There are no good Python interview questions. Why? Because you want to hire a good developer, not a Python nerd. I used to think that there are some good Python-related problems to solve during the interview. But I doubt there is any.
I've interviewed more than 30 developers. I've gradually drifted from only-python-nerd-knows-the-answer questions to general programming problems to solve. There are several reasons for that.
An interview is not an ideal thing. You have an hour to decide if a candidate suits a position. In most cases, you as an interviewee look at a particular skill - task solving skill. This skill should be accompanied by the ability to code and test own code. These are the second and the third skills to check.
Maybe, ask how GIL works?
So what is the popular Python-related question? How does GIL work? Maybe. At least I saw that abbreviation a lot in lists of interview questions.
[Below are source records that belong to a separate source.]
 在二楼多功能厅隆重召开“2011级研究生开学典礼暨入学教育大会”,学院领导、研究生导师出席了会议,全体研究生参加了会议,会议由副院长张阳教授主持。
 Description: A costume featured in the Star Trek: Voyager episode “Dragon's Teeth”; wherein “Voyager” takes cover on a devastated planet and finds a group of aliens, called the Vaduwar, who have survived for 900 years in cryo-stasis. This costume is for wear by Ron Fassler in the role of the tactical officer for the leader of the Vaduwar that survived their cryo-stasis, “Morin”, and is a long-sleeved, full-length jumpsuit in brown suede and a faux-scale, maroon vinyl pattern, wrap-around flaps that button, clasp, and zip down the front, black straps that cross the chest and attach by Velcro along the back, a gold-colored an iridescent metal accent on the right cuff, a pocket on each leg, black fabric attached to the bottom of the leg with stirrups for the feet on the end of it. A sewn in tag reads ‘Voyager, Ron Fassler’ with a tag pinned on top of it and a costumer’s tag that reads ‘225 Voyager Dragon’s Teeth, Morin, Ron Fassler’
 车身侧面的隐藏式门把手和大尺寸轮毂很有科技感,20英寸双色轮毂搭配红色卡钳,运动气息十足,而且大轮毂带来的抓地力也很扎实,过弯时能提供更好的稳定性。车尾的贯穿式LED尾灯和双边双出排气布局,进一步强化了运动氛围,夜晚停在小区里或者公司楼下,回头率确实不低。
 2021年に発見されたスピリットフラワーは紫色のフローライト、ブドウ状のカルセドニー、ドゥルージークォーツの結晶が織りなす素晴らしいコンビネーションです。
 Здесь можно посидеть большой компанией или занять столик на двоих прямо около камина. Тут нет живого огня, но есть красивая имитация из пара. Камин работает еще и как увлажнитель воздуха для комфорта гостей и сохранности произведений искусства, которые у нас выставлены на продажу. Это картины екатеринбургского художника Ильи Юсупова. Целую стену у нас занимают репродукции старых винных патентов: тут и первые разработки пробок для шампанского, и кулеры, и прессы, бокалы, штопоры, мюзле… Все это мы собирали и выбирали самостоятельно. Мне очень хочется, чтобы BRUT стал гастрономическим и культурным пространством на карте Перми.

Let's imagine a typical interview. The candidate, John, is a brilliant guy with many years of experience. John had spent about 20 minutes describing GIL in detail. Wonderful. But what do I learned from the answer about his ability to code? Not much if anything.
I can try to find a coding problem where GIL is a bottleneck and ask John to solve it. But I can't. Real-world problems connected with GIL usually require at least a week to solve. And mostly, they are architecture-related issues.
That's why questions about GIL or CPython implementation details are wastes of time. Answering them, a candidate doesn't show any required skills. So why interviewers keep asking them?
What about the standard library?
Python has a huge standard library. There is a trap if someone thinks that there is a commonly used part. Even build-in functions like "sort" are not used often. As an example, last year I hardly used it.
Anyway, Python has probably the best documentation. So asking this kind of question is equivalent to asking someone to recall the part of the documentation.
Ok. What if I ask a question about syntax sugar?
Decorators are told to be a good thing to ask during an interview. I don't think so. Any engineer with a non-Python background will fail on this kind of question. But it takes 10 minutes to explain the basics and extra 15-20 minutes to explain decorators in depth.
I used to ask about decorators. If interviewees have experience in programming, usually they can solve decorator-based problems after a 5-minute-long decorator crash course.
As a conclusion
Python is not the hardest language to learn. If you can't invite an interviewee to work with you on a real task, a real-world feature in your project for a couple of days, and you have to use traditional technical interviews, use general programming problems.
It is much better to filter out a guy who can't tell "for" from "while" than a guy who can't explain how GIL works in detail.